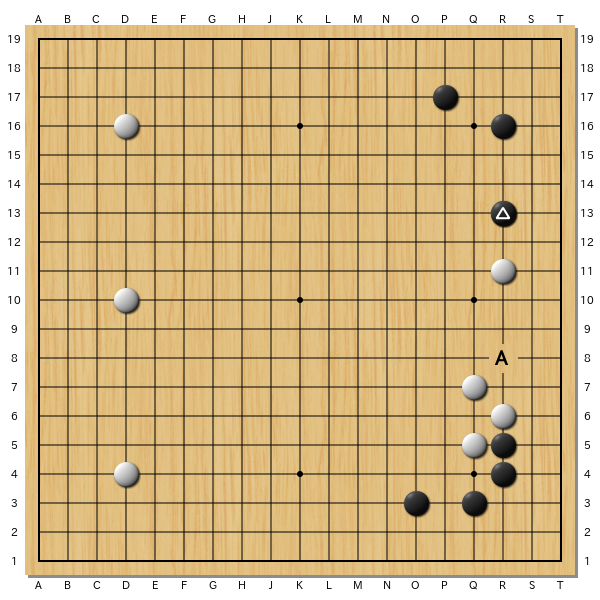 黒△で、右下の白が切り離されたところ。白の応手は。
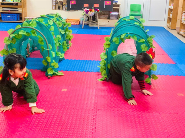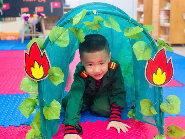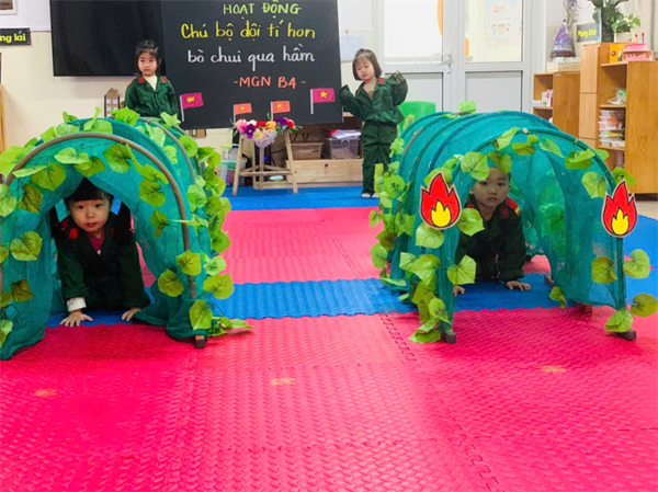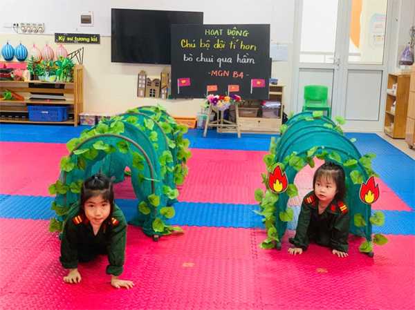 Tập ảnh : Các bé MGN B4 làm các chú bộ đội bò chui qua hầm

--

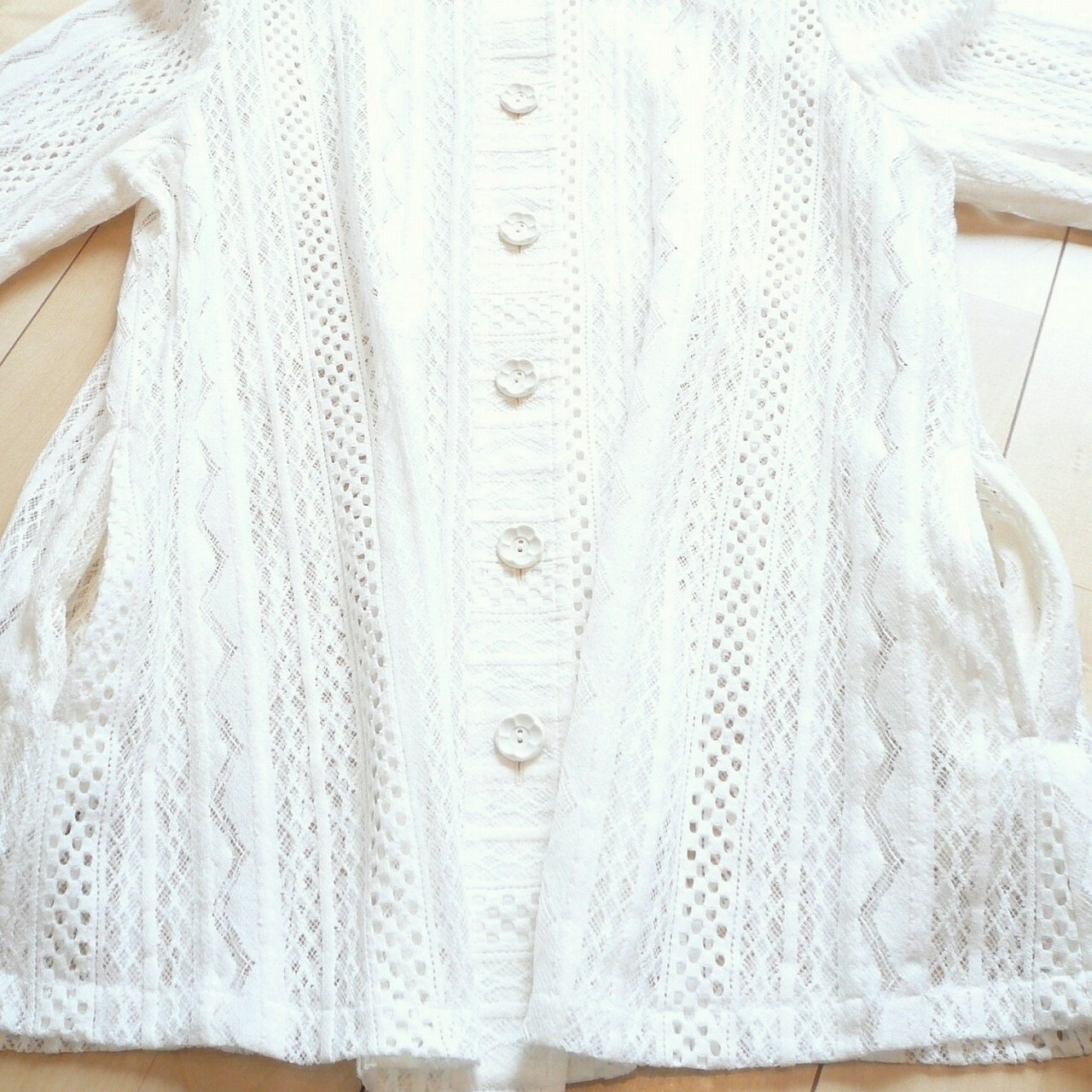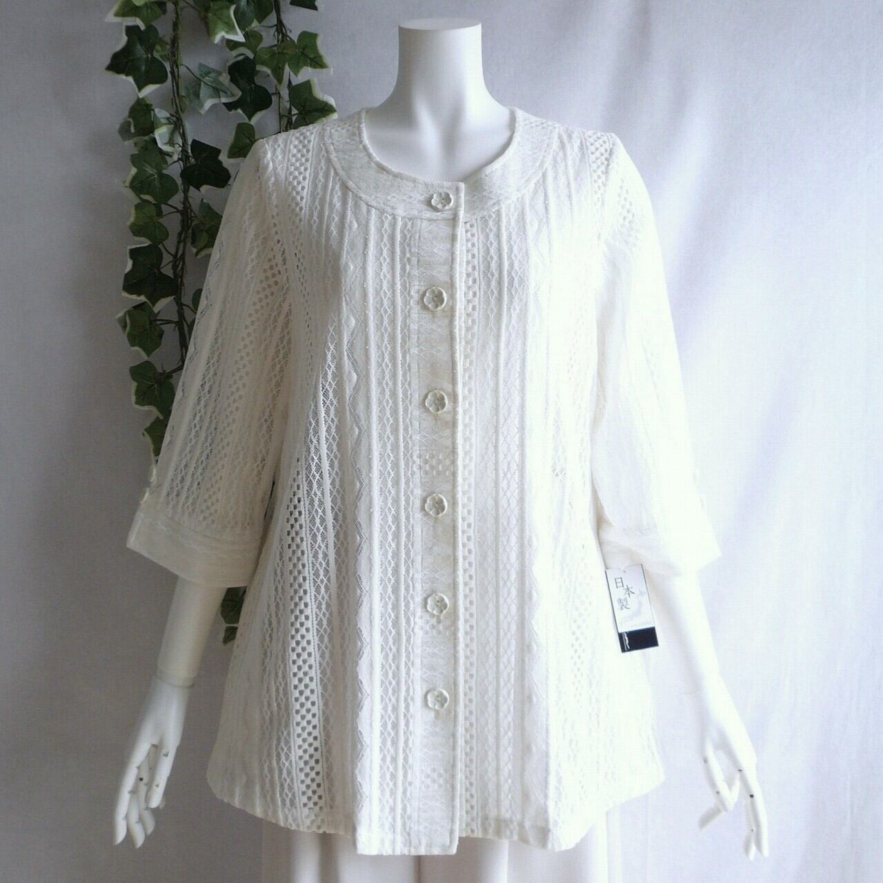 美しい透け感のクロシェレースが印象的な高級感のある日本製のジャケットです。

---

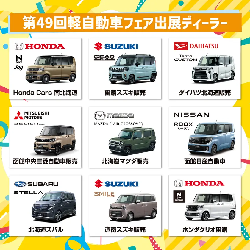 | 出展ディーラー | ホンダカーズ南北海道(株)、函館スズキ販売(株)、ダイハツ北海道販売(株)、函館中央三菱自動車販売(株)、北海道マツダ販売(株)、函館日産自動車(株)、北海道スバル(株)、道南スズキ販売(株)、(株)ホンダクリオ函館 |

> [What the task asks] From the records above, copy only the lines running from the line containing "黒△で、右下の白が切り離されたところ。白の応手は。" to the line containing "Tập ảnh : Các", both ends included. Leave the pictures out.

> [Answer to this exercise]
 黒△で、右下の白が切り離されたところ。白の応手は。
 Tập ảnh : Các bé MGN B4 làm các chú bộ đội bò chui qua hầm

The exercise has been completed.